Sur un vaisseau spatial gigantesque, un peu plus de deux mille personnes sont en chemin vers Aurora, satellite naturel d’une planète du système Tau Ceti, situé à 12 années-lumière de la Terre. Ce voyage durant plusieurs dizaines d’années, le vaisseau est habité par sa sixième génération d’humains, celle qui pourra enfin le quitter pour s’installer sur Aurora, découvrant un nouvel environnement et ses dangers.

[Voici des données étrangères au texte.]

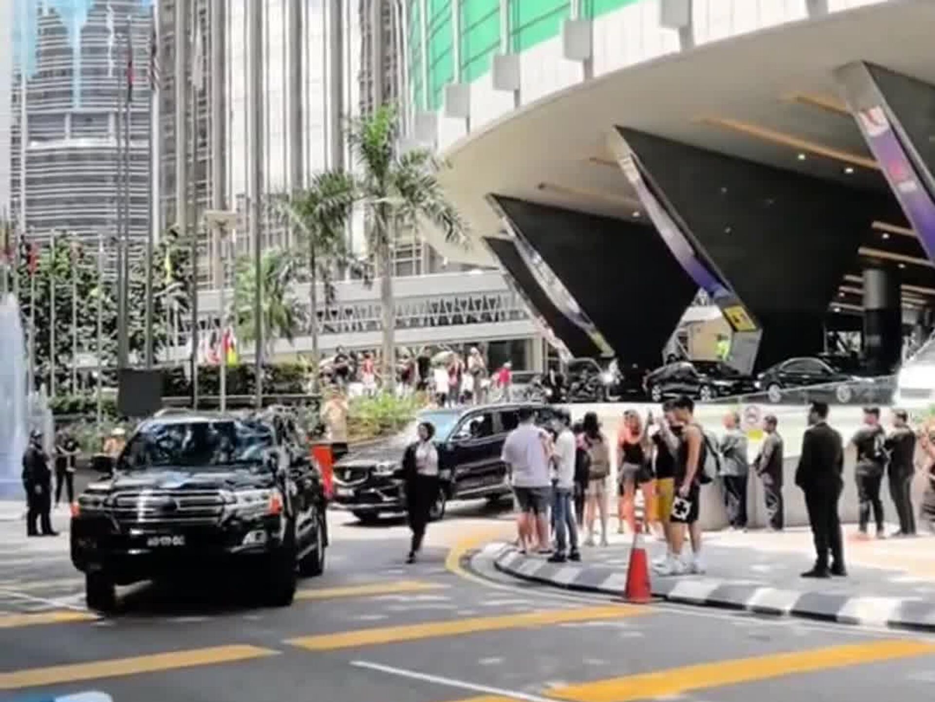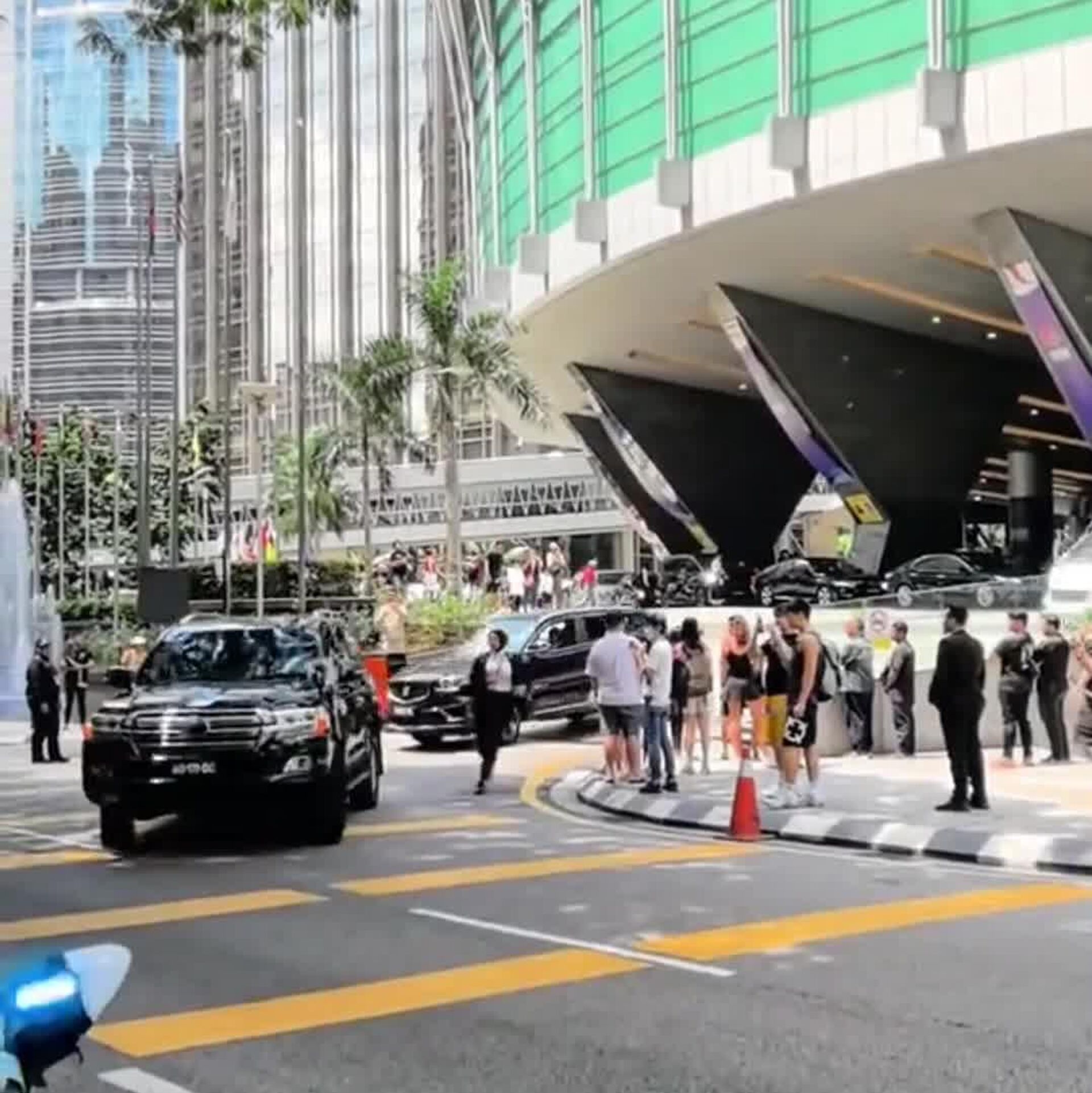 En redes sociales se viralizó un video donde corren junto al vehículo, que acompañaba a la delegación japonesa, y saltan a las puertas traseras en movimiento, una maniobra que, según las suposiciones de los usuarios de internet, podría formar parte de su protocolo para evitar cualquier acercamiento.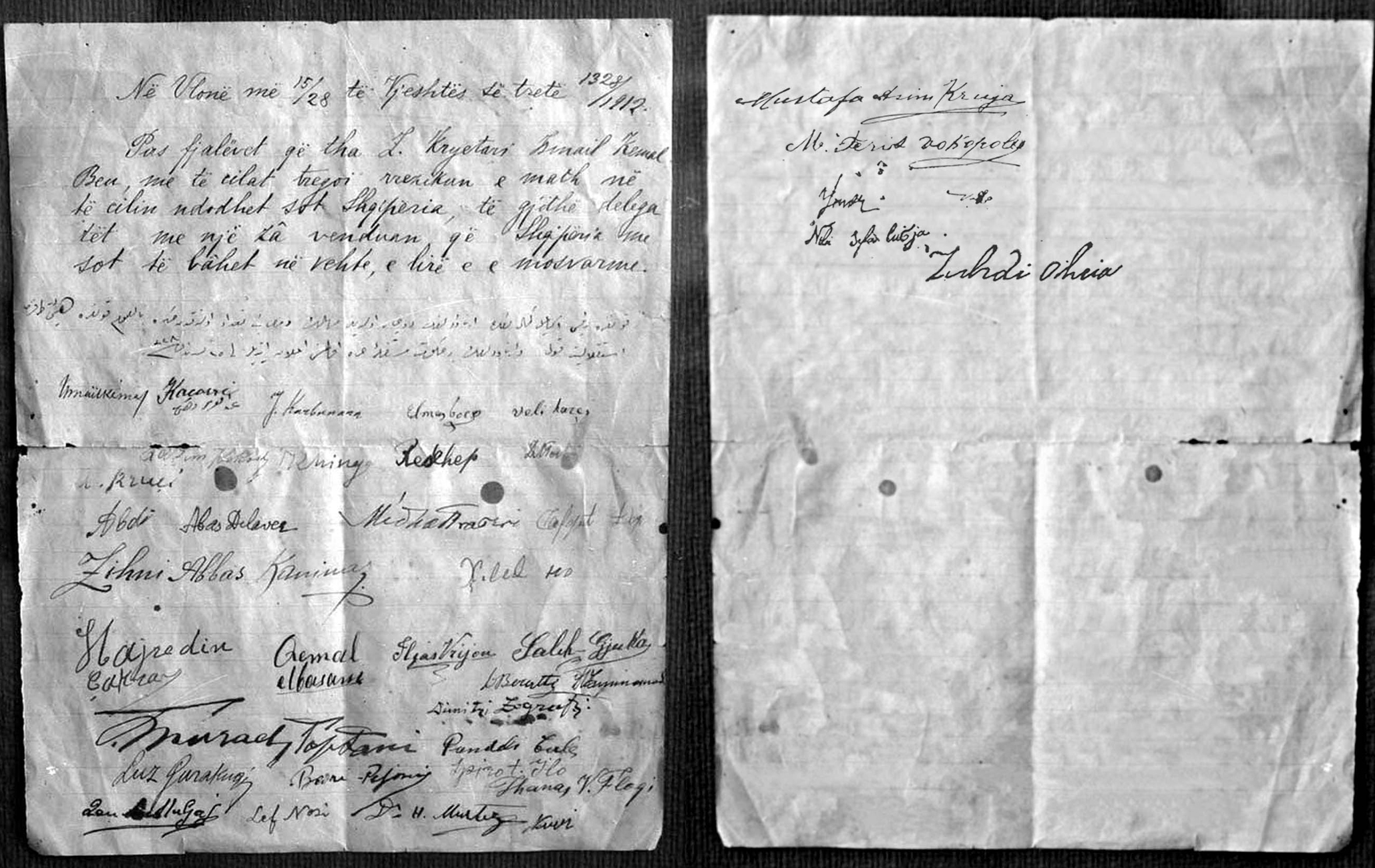 English: Photomontage of the original Act of the Albanian Declaration of Independence. The original document shown here was later in the posession of Lef Nosi, one of the signatories. It is believed to have dissapeared. |

Kim Stanley Robinson est surtout connu en France pour sa Trilogie Martienne, expliquant par le détail l’histoire de la terraformation de Mars. Aurora utilise un point de départ inverse : plutôt que d’adapter une planète proche à notre environnement, allons coloniser une planète (ou en l’occurrence le satellite d’une planète) lointaine qui serait déjà adaptée à nos besoins. Ce point de départ mis à part, Aurora fonctionne comme la trilogie martienne : Robinson explore toutes les questions, aussi bien techniques que sociologiques, que ce long voyage permet de se poser : cette planète semblable à la Terre est-elle colonisable et si oui, comment, avec quels moyens ? Quels dangers peuvent surgir ? Des gens qui n’ont connu que le vaisseau peuvent-ils le quitter ? Vont-ils se quereller lorsque des décisions devront être prises ? Quelle forme de pouvoir doit être en place dans le vaisseau pour garantir son fonctionnement optimal et pacifique pendant si longtemps ?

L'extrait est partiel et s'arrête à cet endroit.